#### DIRECTIONS
Return each line of the listing exactly, though without its images.

#### DATA EXCERPT
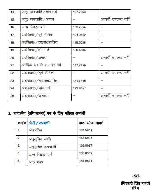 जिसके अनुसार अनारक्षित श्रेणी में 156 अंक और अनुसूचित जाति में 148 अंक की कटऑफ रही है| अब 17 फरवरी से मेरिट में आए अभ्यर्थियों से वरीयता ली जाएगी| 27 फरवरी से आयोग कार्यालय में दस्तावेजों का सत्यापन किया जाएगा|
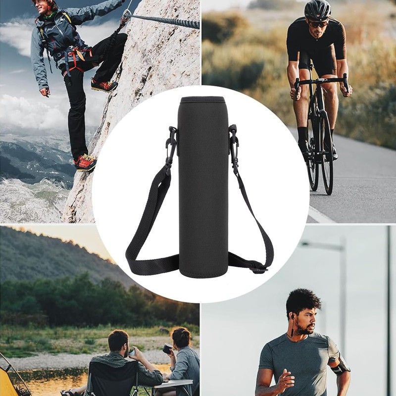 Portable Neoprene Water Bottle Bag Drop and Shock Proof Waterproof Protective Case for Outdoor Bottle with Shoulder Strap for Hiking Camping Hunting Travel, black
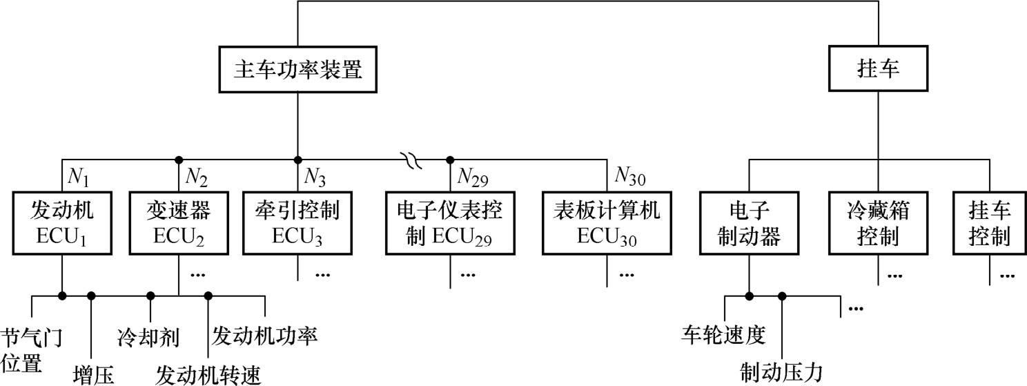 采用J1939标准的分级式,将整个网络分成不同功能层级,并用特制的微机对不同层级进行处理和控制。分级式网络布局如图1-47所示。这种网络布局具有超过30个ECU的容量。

#### ANSWER TO THIS PROBLEM
 जिसके अनुसार अनारक्षित श्रेणी में 156 अंक और अनुसूचित जाति में 148 अंक की कटऑफ रही है| अब 17 फरवरी से मेरिट में आए अभ्यर्थियों से वरीयता ली जाएगी| 27 फरवरी से आयोग कार्यालय में दस्तावेजों का सत्यापन किया जाएगा|
 Portable Neoprene Water Bottle Bag Drop and Shock Proof Waterproof Protective Case for Outdoor Bottle with Shoulder Strap for Hiking Camping Hunting Travel, black
 采用J1939标准的分级式,将整个网络分成不同功能层级,并用特制的微机对不同层级进行处理和控制。分级式网络布局如图1-47所示。这种网络布局具有超过30个ECU的容量。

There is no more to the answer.